What is expected
From first line to last, transcribe the listing exactly and skip any image.

The data
++++++++++
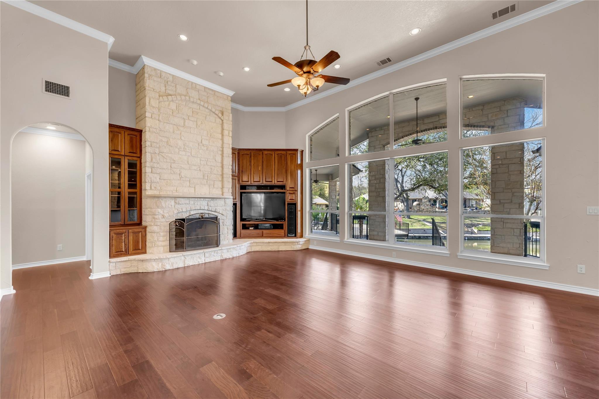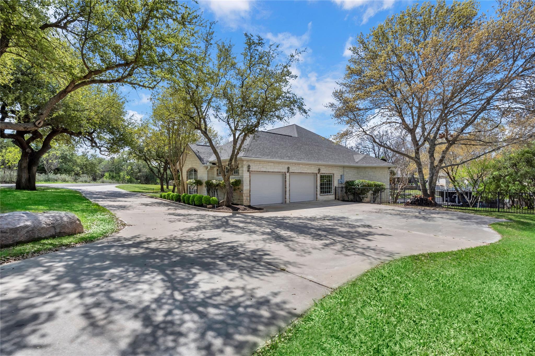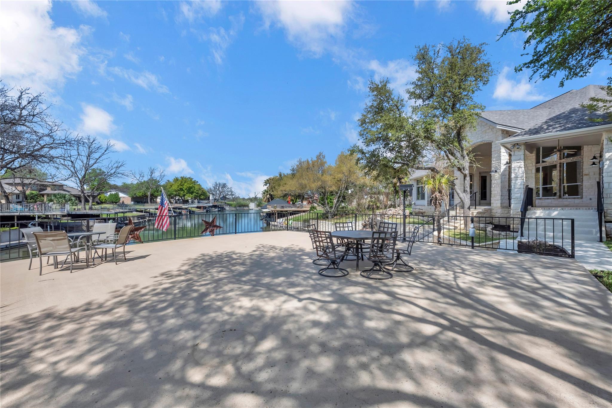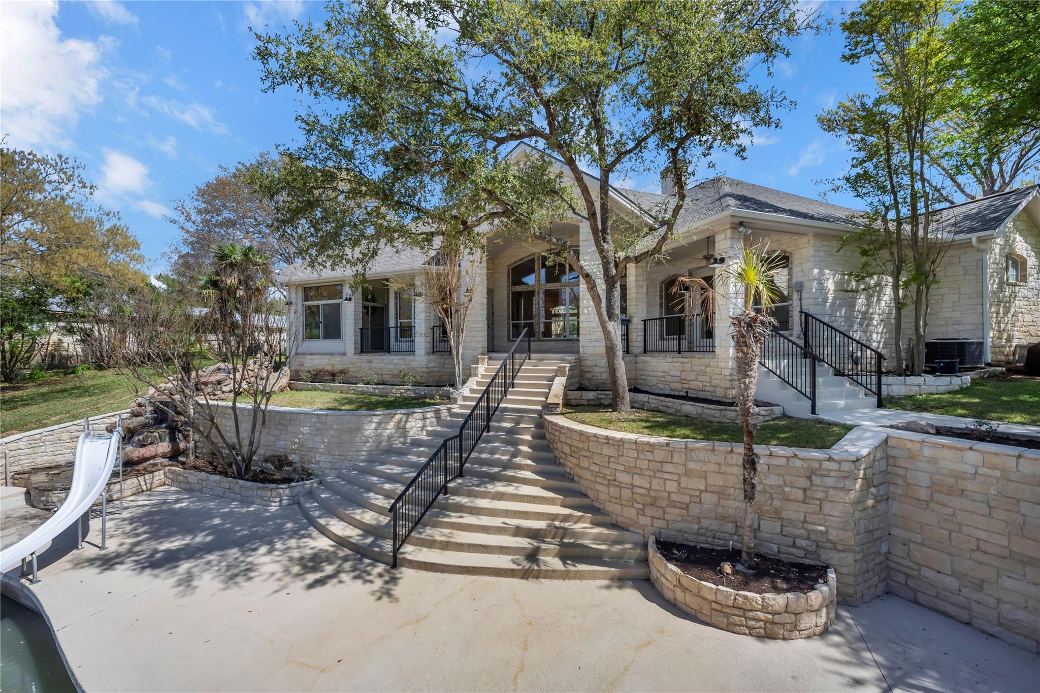Welcome to the GRAND 316 Bridgepoint Dr on Lake LBJ! This property will capture your attention on the drive in through the quiet neighborhood, the driveway shaded with stunning mature trees! This property gives you enough space inside and out for all your family and guests from parking, bedrooms & outdoor living space! You are invited into the home by gorgeous custom rock work and soaring ceilings that showcase your lake view! With 122 ft of waterfront you have space for your personal boat dock with 2 electric boat lifts, large concrete patio upstairs, lots of deck area, large serene water fountain, water slide and jet ski ramp. The house recently got all new paint inside and out, new cool deck, all the metal painted, new carpet, new roof and gutters!
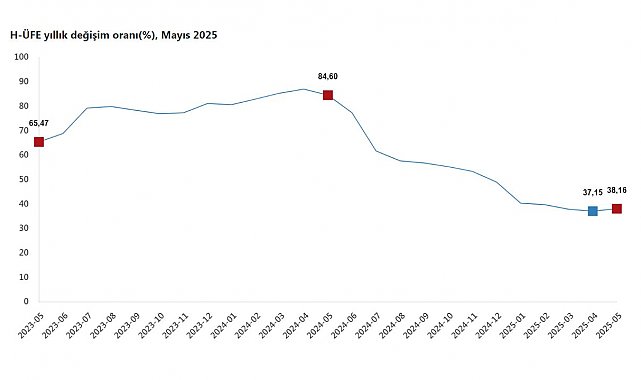 TÜRKİYE İstatistik Kurumu (TÜİK), Hizmet Üretici Fiyat Endeksi'nin (H-ÜFE) yıllık yüzde 38,16, aylık yüzde 2,37 arttığını açıkladı. TÜİK, H-ÜFE Mayıs 2025 verilerini açıkladı. Buna göre, H-ÜFE, 2025 yılı mayıs ayında bir önceki aya göre yüzde 2,37 artış, bir önceki yılın aralık ayına göre yüzde 21,42 artış, bir önceki yılın aynı ayına göre yüzde 38,16 artış ve 12 aylık ortalamalara göre yüzde 48,65 artış gösterdi. ULAŞTIRMA VE DEPOLAMA HİZMETLERİNDE YILLIK YÜZDE 31,33 ARTIŞ Bir önceki yılın aynı ayına göre, ulaştırma ve depolama hizmetlerinde yüzde 31,33 artış, konaklama ve yiyecek hizmetlerinde yüzde 38,38 artış, bilgi ve iletişim hizmetlerinde yüzde 46,69 artış, gayrimenkul hizmetlerinde yüzde 43,04 artış, mesleki, bilimsel ve teknik hizmetlerde yüzde 48,69 artış, idari ve destek hizmetlerde yüzde 43,68 artış gerçekleşti. AYLIK YÜZDE 1,33 ARTIŞ YAŞANDIBir önceki aya göre, ulaştırma ve depolama hizmetlerinde yüzde 1,33 artış, konaklama ve yiyecek hizmetlerinde yüzde 4,13 artış, bilgi ve iletişim hizmetlerinde yüzde 1,02 artış, gayrimenkul hizmetlerinde yüzde 7,41 artış, mesleki, bilimsel ve teknik hizmetlerde yüzde 1,12 artış, idari ve destek hizmetlerde yüzde 3,80 artış gerçekleşti.
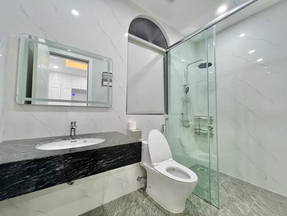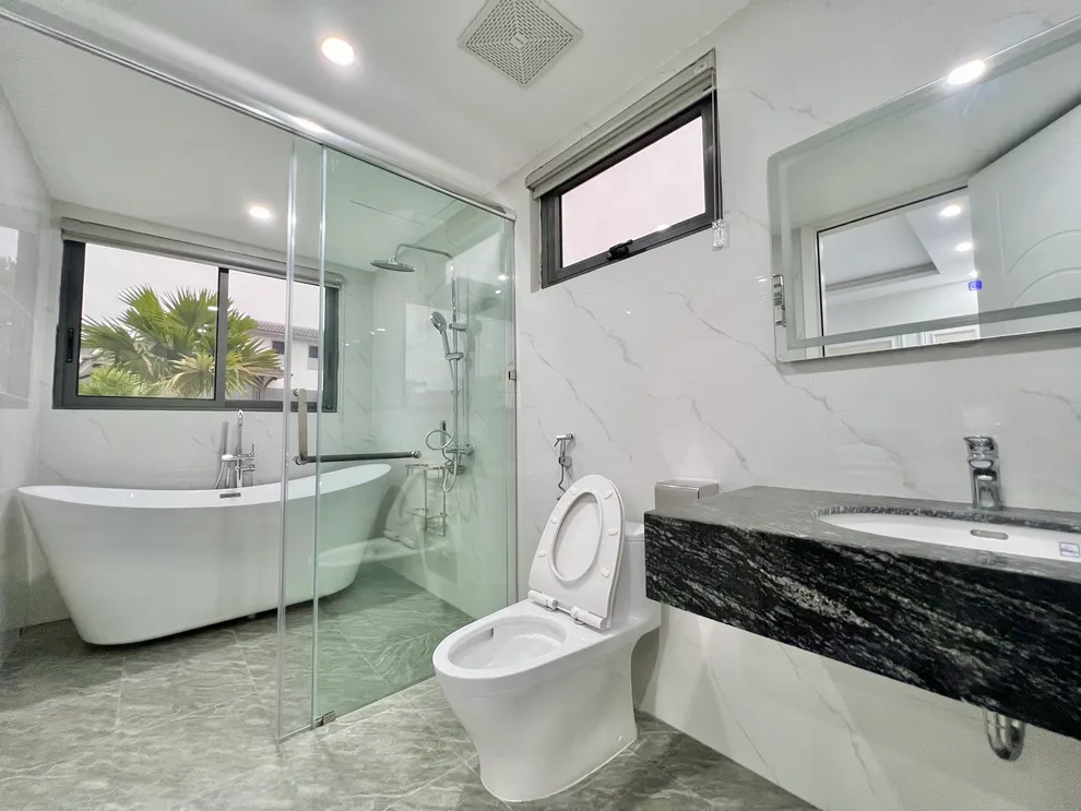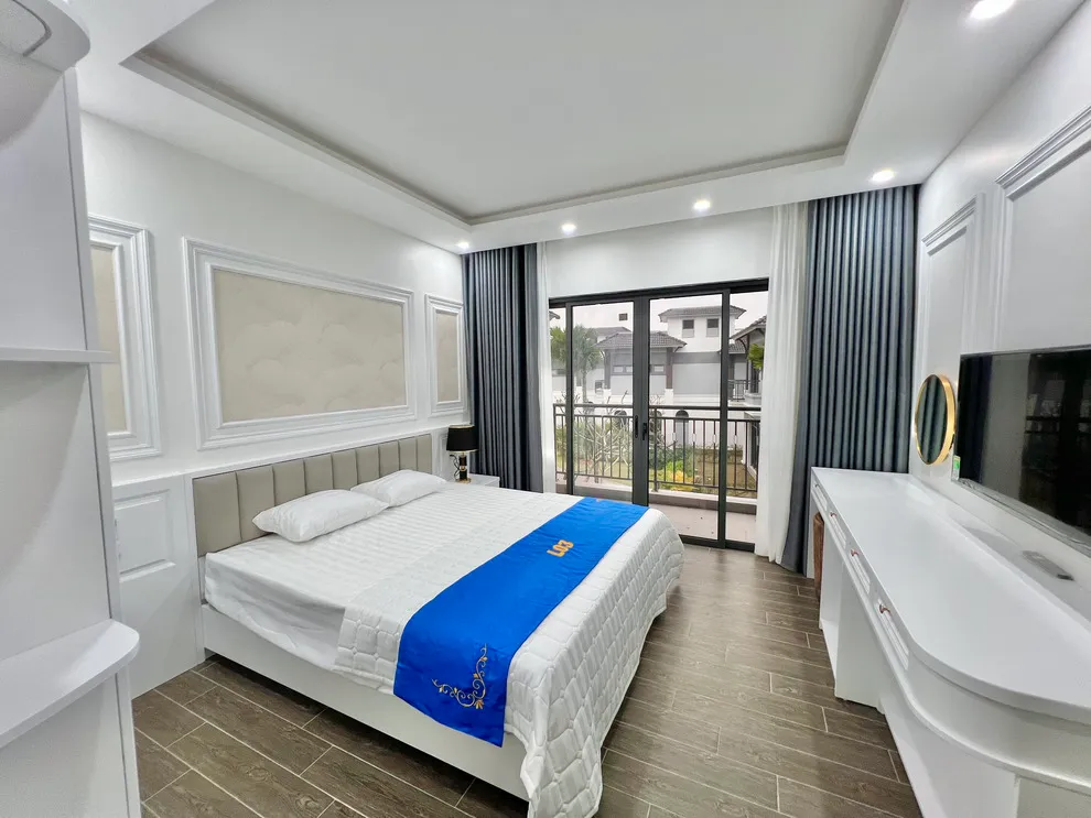 Cấu trúc căn nhà gồm 3 phòng ngủ lớn với cửa sổ kính kịch trần, giúp mỗi buổi sáng thức dậy bạn đều có thể đón nhận trọn vẹn ánh sáng tự nhiên và luồng gió biển tươi mát từ Vịnh Bái Tử Long. Phòng khách được thiết kế như một không gian sinh hoạt chung ấm cúng, kết nối trực tiếp với gian bếp hiện đại và sân vườn phía trước, tạo nên một chuỗi tiện ích liền mạch cho những bữa tiệc gắn kết gia đình. Tại 3L03, sự hiện đại hòa quyện cùng nét thanh bình của biển cả, hứa hẹn một kỳ nghỉ dưỡng trọn vẹn và tràn đầy cảm hứng.
++++++++++
Answer box
Welcome to the GRAND 316 Bridgepoint Dr on Lake LBJ! This property will capture your attention on the drive in through the quiet neighborhood, the driveway shaded with stunning mature trees! This property gives you enough space inside and out for all your family and guests from parking, bedrooms & outdoor living space! You are invited into the home by gorgeous custom rock work and soaring ceilings that showcase your lake view! With 122 ft of waterfront you have space for your personal boat dock with 2 electric boat lifts, large concrete patio upstairs, lots of deck area, large serene water fountain, water slide and jet ski ramp. The house recently got all new paint inside and out, new cool deck, all the metal painted, new carpet, new roof and gutters!
 TÜRKİYE İstatistik Kurumu (TÜİK), Hizmet Üretici Fiyat Endeksi'nin (H-ÜFE) yıllık yüzde 38,16, aylık yüzde 2,37 arttığını açıkladı. TÜİK, H-ÜFE Mayıs 2025 verilerini açıkladı. Buna göre, H-ÜFE, 2025 yılı mayıs ayında bir önceki aya göre yüzde 2,37 artış, bir önceki yılın aralık ayına göre yüzde 21,42 artış, bir önceki yılın aynı ayına göre yüzde 38,16 artış ve 12 aylık ortalamalara göre yüzde 48,65 artış gösterdi. ULAŞTIRMA VE DEPOLAMA HİZMETLERİNDE YILLIK YÜZDE 31,33 ARTIŞ Bir önceki yılın aynı ayına göre, ulaştırma ve depolama hizmetlerinde yüzde 31,33 artış, konaklama ve yiyecek hizmetlerinde yüzde 38,38 artış, bilgi ve iletişim hizmetlerinde yüzde 46,69 artış, gayrimenkul hizmetlerinde yüzde 43,04 artış, mesleki, bilimsel ve teknik hizmetlerde yüzde 48,69 artış, idari ve destek hizmetlerde yüzde 43,68 artış gerçekleşti. AYLIK YÜZDE 1,33 ARTIŞ YAŞANDIBir önceki aya göre, ulaştırma ve depolama hizmetlerinde yüzde 1,33 artış, konaklama ve yiyecek hizmetlerinde yüzde 4,13 artış, bilgi ve iletişim hizmetlerinde yüzde 1,02 artış, gayrimenkul hizmetlerinde yüzde 7,41 artış, mesleki, bilimsel ve teknik hizmetlerde yüzde 1,12 artış, idari ve destek hizmetlerde yüzde 3,80 artış gerçekleşti.
 Cấu trúc căn nhà gồm 3 phòng ngủ lớn với cửa sổ kính kịch trần, giúp mỗi buổi sáng thức dậy bạn đều có thể đón nhận trọn vẹn ánh sáng tự nhiên và luồng gió biển tươi mát từ Vịnh Bái Tử Long. Phòng khách được thiết kế như một không gian sinh hoạt chung ấm cúng, kết nối trực tiếp với gian bếp hiện đại và sân vườn phía trước, tạo nên một chuỗi tiện ích liền mạch cho những bữa tiệc gắn kết gia đình. Tại 3L03, sự hiện đại hòa quyện cùng nét thanh bình của biển cả, hứa hẹn một kỳ nghỉ dưỡng trọn vẹn và tràn đầy cảm hứng.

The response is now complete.